*Data block*
•••••
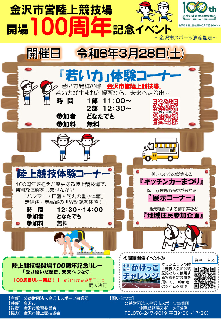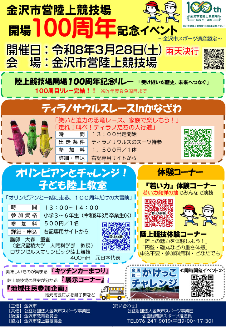 | イベント名 | 金沢市営陸上競技場 開場100周年記念イベント |
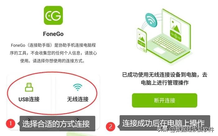 步骤1:电脑上下载安装完成【数据蛙安卓恢复专家】后,手机下载【FoneGo】,然后选择合适方式连接手机和电脑,连接完成后回到电脑上操作。
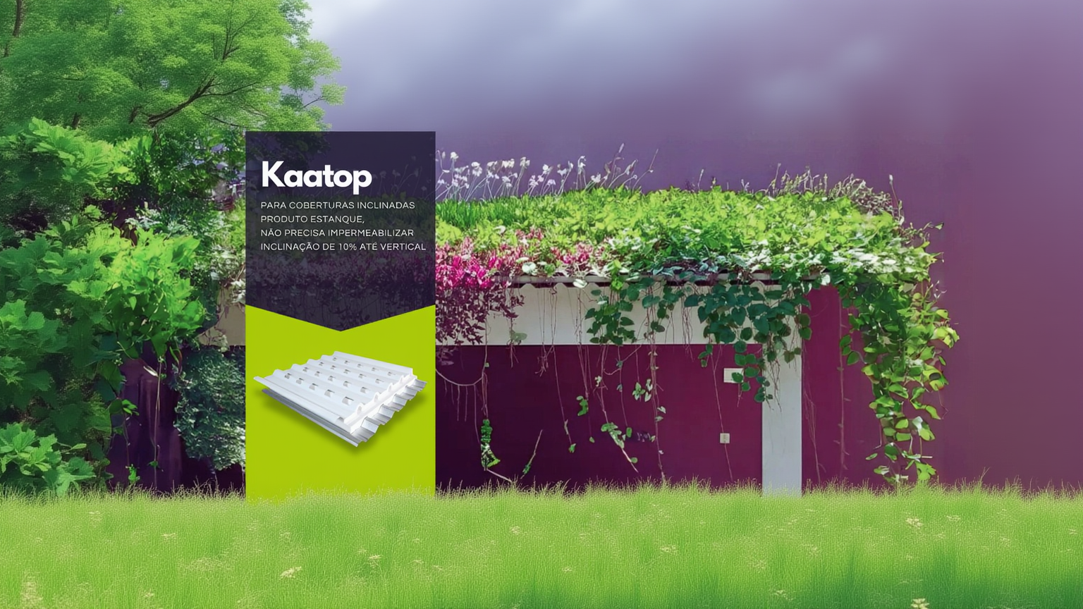 Kaatop é uma telha cultivável inteligente que pode receber até 20 mudas ornamentais ou agrícolas para cada metro quadrado. Com sementes ou mudas pré-enraizadas em torrão, hidroponia ou biofertirrigação, as possibilidades de cultivo são infinitas.
•••••
*Task requirements*
Output the material word for word. Pictures do not go in.

*Response*
 | イベント名 | 金沢市営陸上競技場 開場100周年記念イベント |
 步骤1:电脑上下载安装完成【数据蛙安卓恢复专家】后,手机下载【FoneGo】,然后选择合适方式连接手机和电脑,连接完成后回到电脑上操作。
 Kaatop é uma telha cultivável inteligente que pode receber até 20 mudas ornamentais ou agrícolas para cada metro quadrado. Com sementes ou mudas pré-enraizadas em torrão, hidroponia ou biofertirrigação, as possibilidades de cultivo são infinitas.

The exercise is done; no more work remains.